Department of Mathematics and Computer Science, University of Calabria, Rende, Italy.
Department of Information Engineering, Unviersitá Politecnica delle Marche, Ancona, Italy; Department of Advanced Robotics, Istituto Italiano di Tecnologia, Genoa, Italy.
Comput Methods Programs Biomed. 2021 Mar;200:105834. doi: 10.1016/j.cmpb.2020.105834. Epub 2020 Nov 14.

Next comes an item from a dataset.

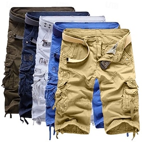 Hombre Pantalón Corto Cargo Pantalón corto Pantalones cortos casuales Shorts para senderismo Correa Bolsillo Cintura elástica Color sólido Longitud de la rodilla Deporte Carrera Ropa de calle Elegante

Background and ObjectivesOver the last decade, Deep Learning (DL) has revolutionized data analysis in many areas, including medical imaging. However, there is a bottleneck in the advancement of DL in the surgery field, which can be seen in a shortage of large-scale data, which in turn may be attributed to the lack of a structured and standardized methodology for storing and analyzing surgical images in clinical centres. Furthermore, accurate annotations manually added are expensive and time consuming. A great help can come from the synthesis of artificial images; in this context, in the latest years, the use of Generative Adversarial Neural Networks (GANs) achieved promising results in obtaining photo-realistic images. MethodsIn this study, a method for Minimally Invasive Surgery (MIS) image synthesis is proposed. To this aim, the generative adversarial network pix2pix is trained to generate paired annotated MIS images by transforming rough segmentation of surgical instruments and tissues into realistic images. An additional regularization term was added to the original optimization problem, in order to enhance realism of surgical tools with respect to the background. Results Quantitative and qualitative (i.e., human-based) evaluations of generated images have been carried out in order to assess the effectiveness of the method. ConclusionsExperimental results show that the proposed method is actually able to translate MIS segmentations to realistic MIS images, which can in turn be used to augment existing data sets and help at overcoming the lack of useful images; this allows physicians and algorithms to take advantage from new annotated instances for their training.
背景与目的
在过去的十年中,深度学习(DL)已经彻底改变了许多领域的数据分析,包括医学成像。然而,DL 在手术领域的发展存在瓶颈,这可以从缺乏大规模数据中看出,而这又可能归因于临床中心缺乏用于存储和分析手术图像的结构化和标准化方法。此外,手动添加准确的注释既昂贵又耗时。人工图像的合成可以提供很大的帮助;在这种情况下,近年来,生成对抗神经网络(GAN)在获得逼真图像方面取得了有希望的结果。
方法
本研究提出了一种微创手术(MIS)图像合成方法。为此,训练生成对抗网络 pix2pix 将粗糙的手术器械和组织分割转换为逼真的图像,以生成配对的注释 MIS 图像。在原始优化问题中添加了一个额外的正则化项,以增强手术工具相对于背景的真实感。
结果
为了评估该方法的有效性,对生成的图像进行了定量和定性(即基于人类的)评估。
结论
实验结果表明,所提出的方法实际上能够将 MIS 分割转换为逼真的 MIS 图像,这反过来又可以用于扩充现有数据集并帮助克服缺乏有用图像的问题;这使医生和算法能够从新的注释实例中受益,用于他们的训练。